Reproduce, please, the line that holds "ユーカリ植林（乾燥地）" and all later lines through the end of the entries below, exactly; omit pictures.

(Recorded data)
Segment Open
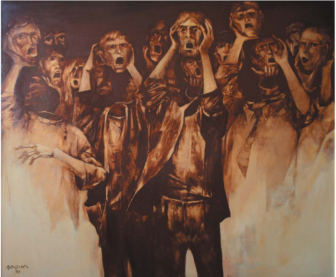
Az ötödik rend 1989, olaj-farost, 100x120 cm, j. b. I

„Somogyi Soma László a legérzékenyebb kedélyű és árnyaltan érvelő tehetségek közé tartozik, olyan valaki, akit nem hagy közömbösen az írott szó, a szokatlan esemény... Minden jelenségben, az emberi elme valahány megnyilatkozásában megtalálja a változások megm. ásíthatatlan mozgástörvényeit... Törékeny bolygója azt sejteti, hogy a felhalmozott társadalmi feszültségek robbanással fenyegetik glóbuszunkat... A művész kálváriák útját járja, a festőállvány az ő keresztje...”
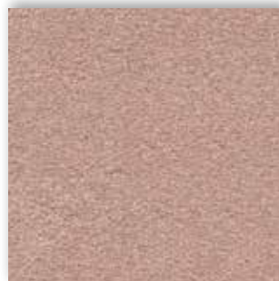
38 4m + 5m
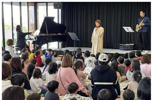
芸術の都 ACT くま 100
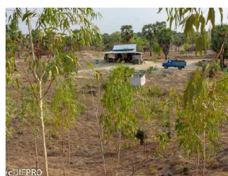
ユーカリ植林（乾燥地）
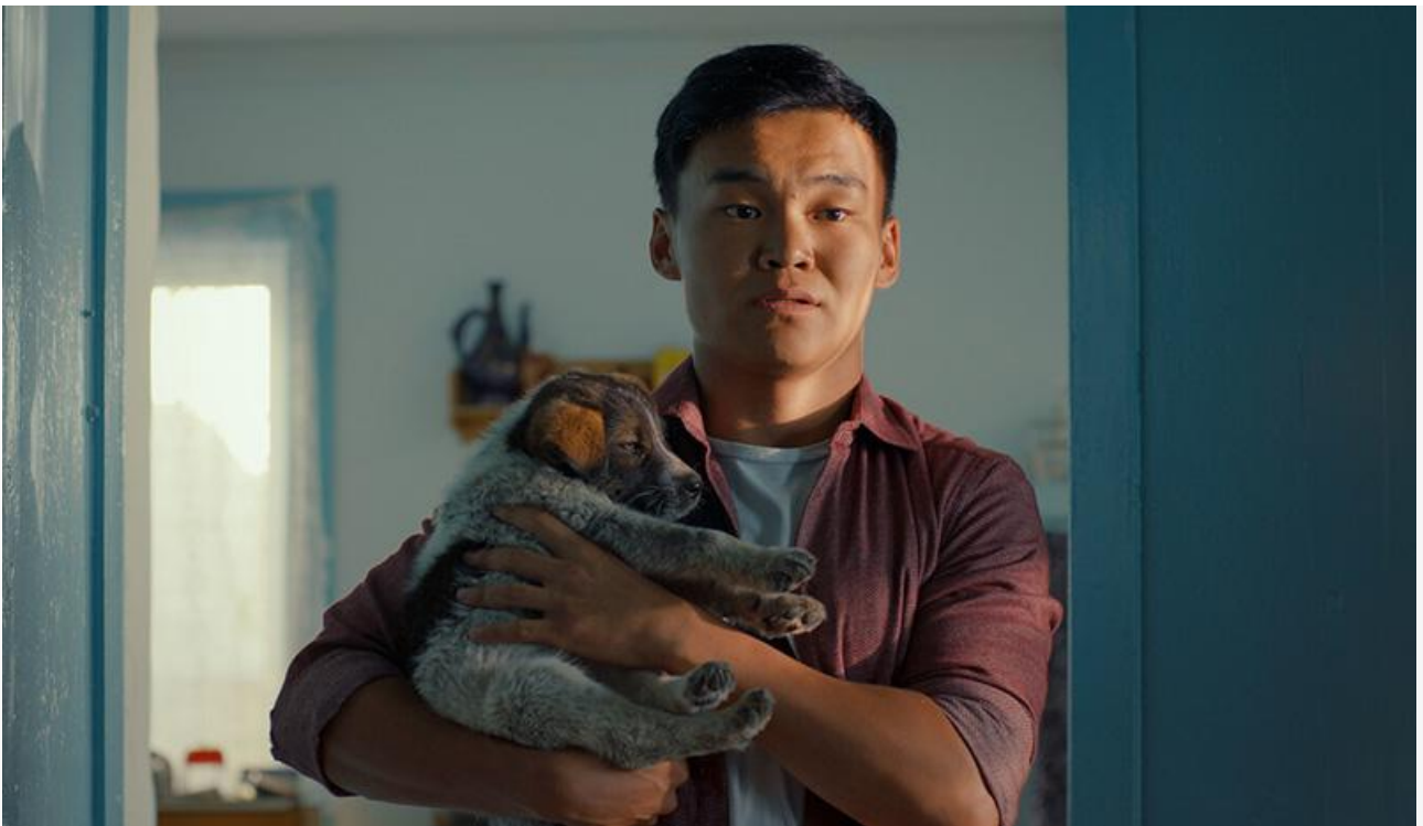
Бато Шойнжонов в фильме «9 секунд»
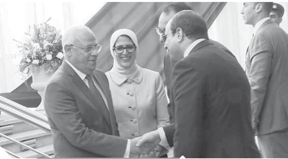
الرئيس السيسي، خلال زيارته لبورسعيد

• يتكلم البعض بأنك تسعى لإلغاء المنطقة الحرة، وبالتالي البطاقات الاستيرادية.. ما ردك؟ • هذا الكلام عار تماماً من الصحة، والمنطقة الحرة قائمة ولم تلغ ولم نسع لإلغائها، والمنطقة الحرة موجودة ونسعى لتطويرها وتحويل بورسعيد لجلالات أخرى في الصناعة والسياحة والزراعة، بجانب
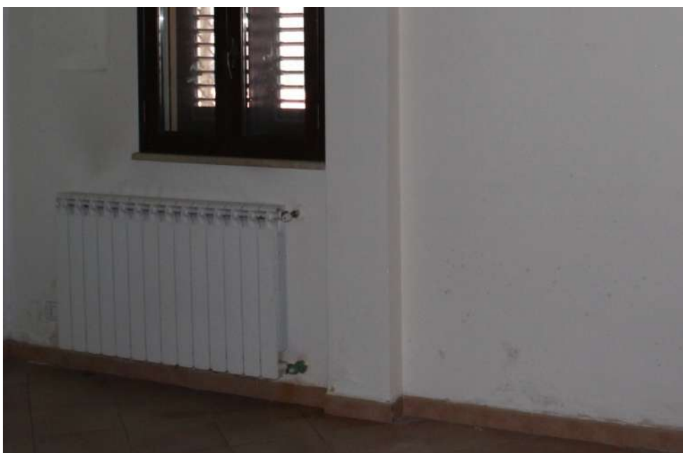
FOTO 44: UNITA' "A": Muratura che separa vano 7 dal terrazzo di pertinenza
Segment Closed
**Answer section:**
ユーカリ植林（乾燥地）
Бато Шойнжонов в фильме «9 секунд»
الرئيس السيسي، خلال زيارته لبورسعيد

• يتكلم البعض بأنك تسعى لإلغاء المنطقة الحرة، وبالتالي البطاقات الاستيرادية.. ما ردك؟ • هذا الكلام عار تماماً من الصحة، والمنطقة الحرة قائمة ولم تلغ ولم نسع لإلغائها، والمنطقة الحرة موجودة ونسعى لتطويرها وتحويل بورسعيد لجلالات أخرى في الصناعة والسياحة والزراعة، بجانب
FOTO 44: UNITA' "A": Muratura che separa vano 7 dal terrazzo di pertinenza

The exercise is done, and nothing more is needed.